Below is a listing to write out in full, exactly as given, without its pictures.

★ ★ ★ ★ ★ ★ ★

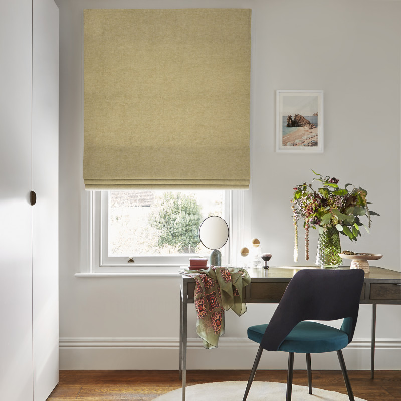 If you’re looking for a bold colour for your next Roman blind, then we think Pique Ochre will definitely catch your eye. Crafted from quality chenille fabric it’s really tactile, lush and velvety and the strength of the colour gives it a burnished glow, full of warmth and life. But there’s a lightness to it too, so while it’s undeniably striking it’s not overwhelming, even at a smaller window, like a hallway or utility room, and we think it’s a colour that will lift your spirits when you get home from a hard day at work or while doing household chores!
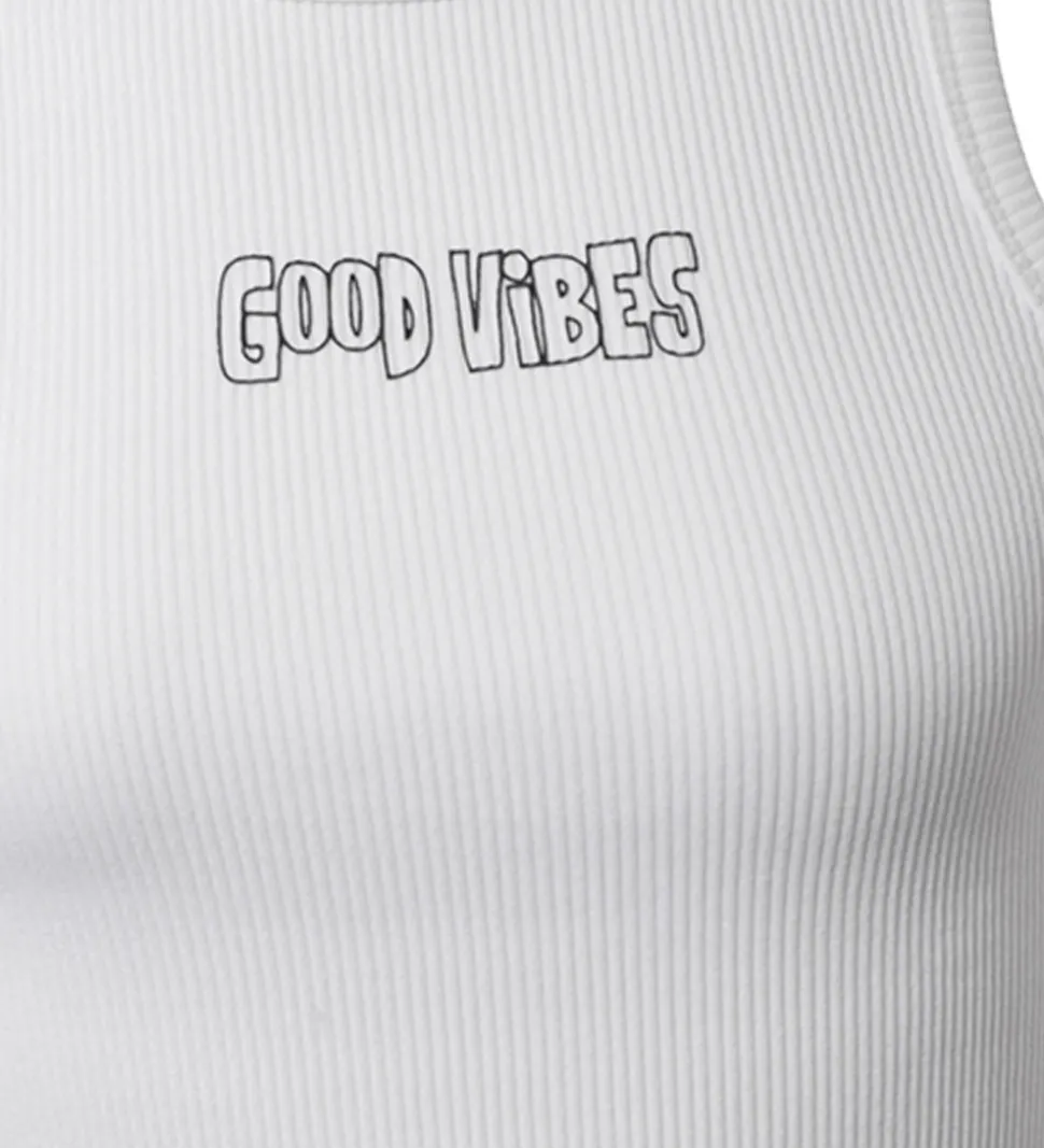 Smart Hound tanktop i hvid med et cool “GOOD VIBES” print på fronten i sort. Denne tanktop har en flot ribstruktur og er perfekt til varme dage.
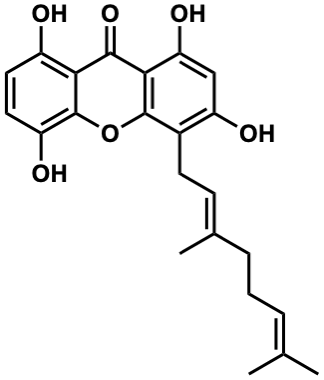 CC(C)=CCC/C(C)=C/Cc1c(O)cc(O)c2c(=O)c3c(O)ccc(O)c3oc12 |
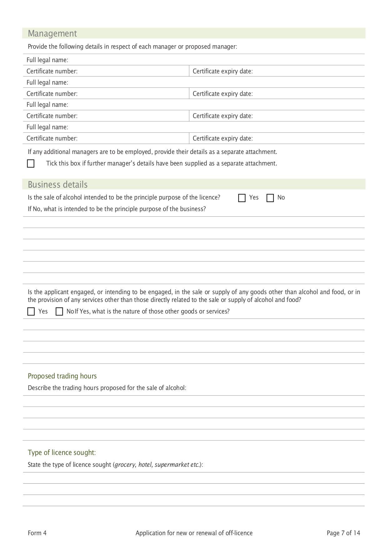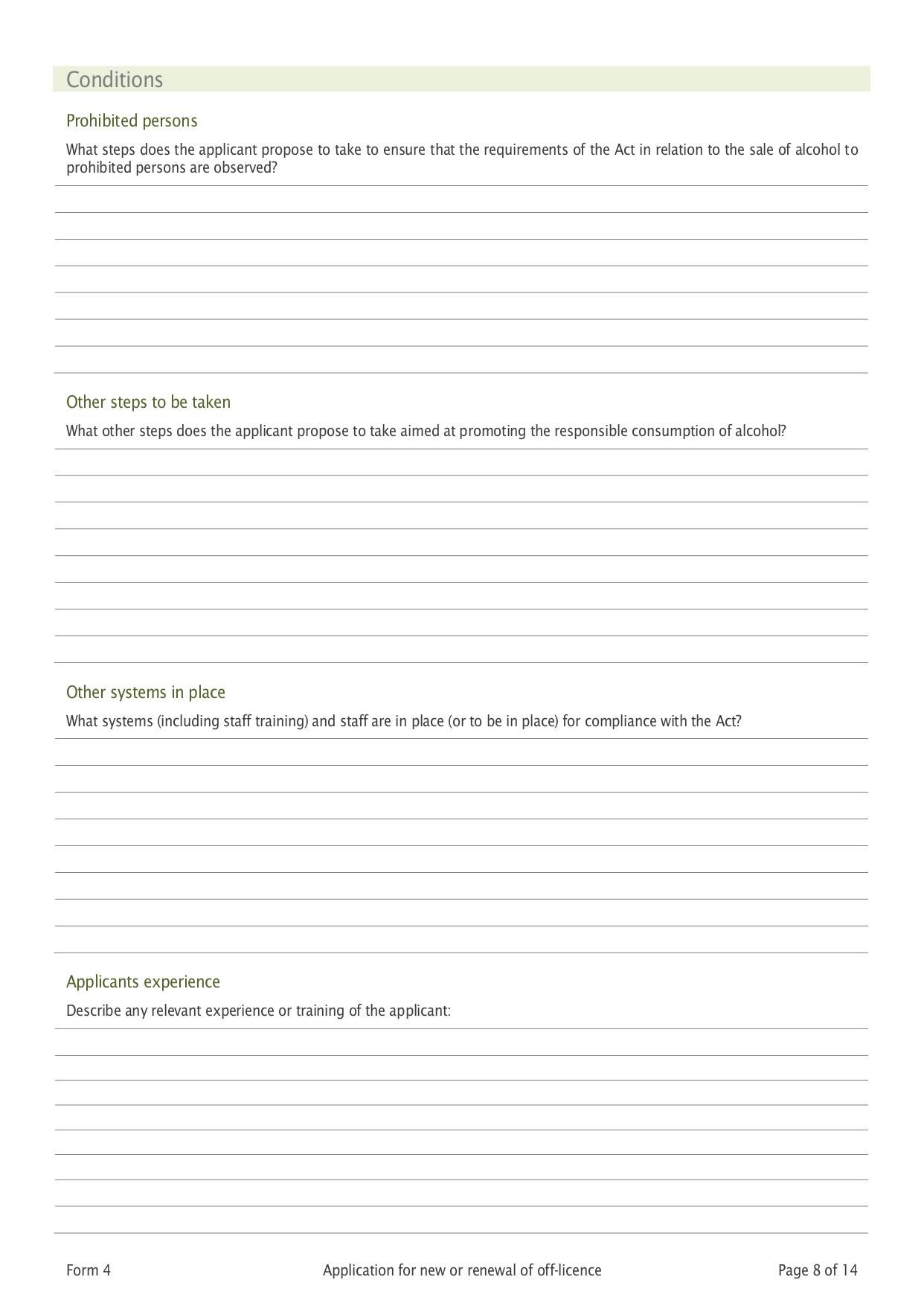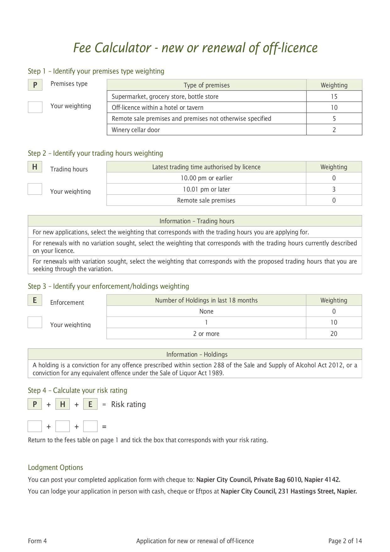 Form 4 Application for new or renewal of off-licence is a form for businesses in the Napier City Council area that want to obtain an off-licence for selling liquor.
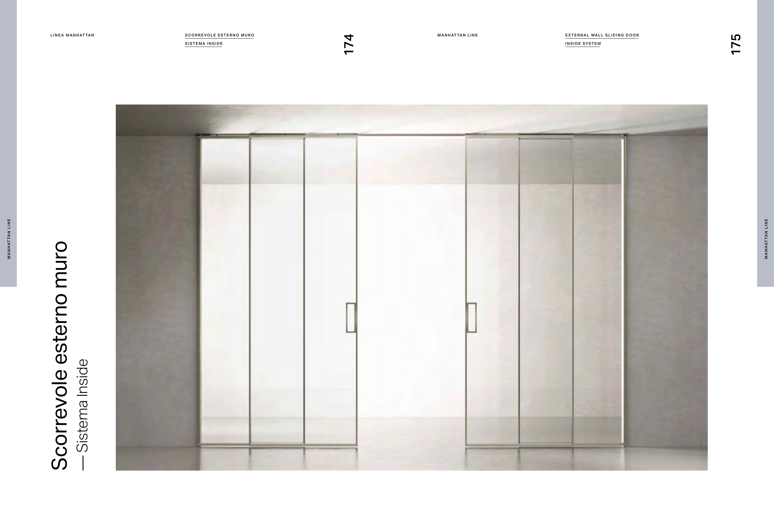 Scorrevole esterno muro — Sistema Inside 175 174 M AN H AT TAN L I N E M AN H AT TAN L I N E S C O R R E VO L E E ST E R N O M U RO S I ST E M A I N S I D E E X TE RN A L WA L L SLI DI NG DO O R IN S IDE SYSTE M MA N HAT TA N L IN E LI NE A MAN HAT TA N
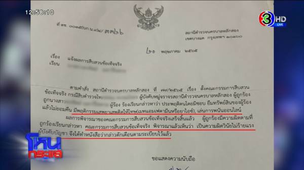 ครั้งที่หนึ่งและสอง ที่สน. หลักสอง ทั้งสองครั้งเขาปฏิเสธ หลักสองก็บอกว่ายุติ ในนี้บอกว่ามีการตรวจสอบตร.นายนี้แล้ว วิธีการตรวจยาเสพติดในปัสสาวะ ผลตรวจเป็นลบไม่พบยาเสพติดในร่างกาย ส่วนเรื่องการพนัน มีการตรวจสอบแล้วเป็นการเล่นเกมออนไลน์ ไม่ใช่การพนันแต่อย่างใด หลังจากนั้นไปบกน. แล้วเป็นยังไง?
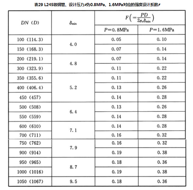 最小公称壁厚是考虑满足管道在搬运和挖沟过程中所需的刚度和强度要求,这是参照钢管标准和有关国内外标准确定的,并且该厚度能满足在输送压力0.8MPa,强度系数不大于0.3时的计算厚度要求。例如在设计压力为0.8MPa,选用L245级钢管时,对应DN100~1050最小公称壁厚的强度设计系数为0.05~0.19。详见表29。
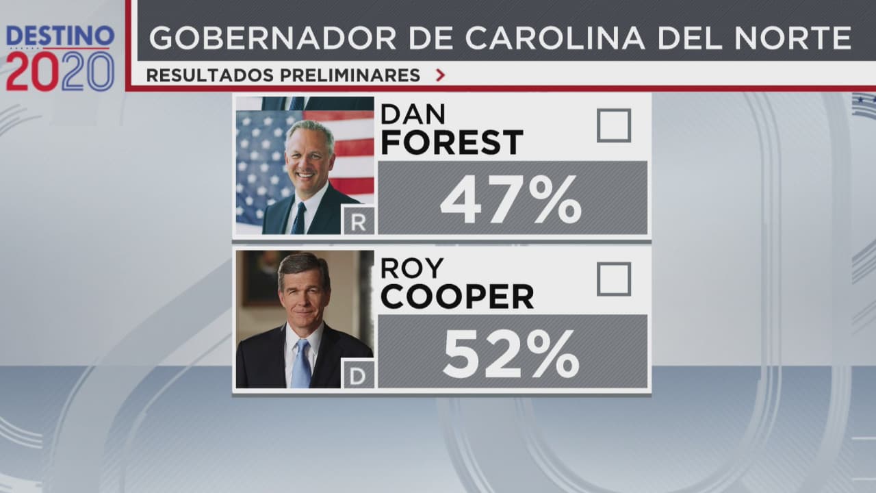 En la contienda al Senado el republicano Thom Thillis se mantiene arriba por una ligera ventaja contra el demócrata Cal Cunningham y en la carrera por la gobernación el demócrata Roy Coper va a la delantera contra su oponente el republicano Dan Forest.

★ ★ ★ ★ ★ ★ ★

_Exercise result_
 If you’re looking for a bold colour for your next Roman blind, then we think Pique Ochre will definitely catch your eye. Crafted from quality chenille fabric it’s really tactile, lush and velvety and the strength of the colour gives it a burnished glow, full of warmth and life. But there’s a lightness to it too, so while it’s undeniably striking it’s not overwhelming, even at a smaller window, like a hallway or utility room, and we think it’s a colour that will lift your spirits when you get home from a hard day at work or while doing household chores!
 Smart Hound tanktop i hvid med et cool “GOOD VIBES” print på fronten i sort. Denne tanktop har en flot ribstruktur og er perfekt til varme dage.
 CC(C)=CCC/C(C)=C/Cc1c(O)cc(O)c2c(=O)c3c(O)ccc(O)c3oc12 |
 Form 4 Application for new or renewal of off-licence is a form for businesses in the Napier City Council area that want to obtain an off-licence for selling liquor.
 Scorrevole esterno muro — Sistema Inside 175 174 M AN H AT TAN L I N E M AN H AT TAN L I N E S C O R R E VO L E E ST E R N O M U RO S I ST E M A I N S I D E E X TE RN A L WA L L SLI DI NG DO O R IN S IDE SYSTE M MA N HAT TA N L IN E LI NE A MAN HAT TA N
 ครั้งที่หนึ่งและสอง ที่สน. หลักสอง ทั้งสองครั้งเขาปฏิเสธ หลักสองก็บอกว่ายุติ ในนี้บอกว่ามีการตรวจสอบตร.นายนี้แล้ว วิธีการตรวจยาเสพติดในปัสสาวะ ผลตรวจเป็นลบไม่พบยาเสพติดในร่างกาย ส่วนเรื่องการพนัน มีการตรวจสอบแล้วเป็นการเล่นเกมออนไลน์ ไม่ใช่การพนันแต่อย่างใด หลังจากนั้นไปบกน. แล้วเป็นยังไง?
 最小公称壁厚是考虑满足管道在搬运和挖沟过程中所需的刚度和强度要求,这是参照钢管标准和有关国内外标准确定的,并且该厚度能满足在输送压力0.8MPa,强度系数不大于0.3时的计算厚度要求。例如在设计压力为0.8MPa,选用L245级钢管时,对应DN100~1050最小公称壁厚的强度设计系数为0.05~0.19。详见表29。
 En la contienda al Senado el republicano Thom Thillis se mantiene arriba por una ligera ventaja contra el demócrata Cal Cunningham y en la carrera por la gobernación el demócrata Roy Coper va a la delantera contra su oponente el republicano Dan Forest.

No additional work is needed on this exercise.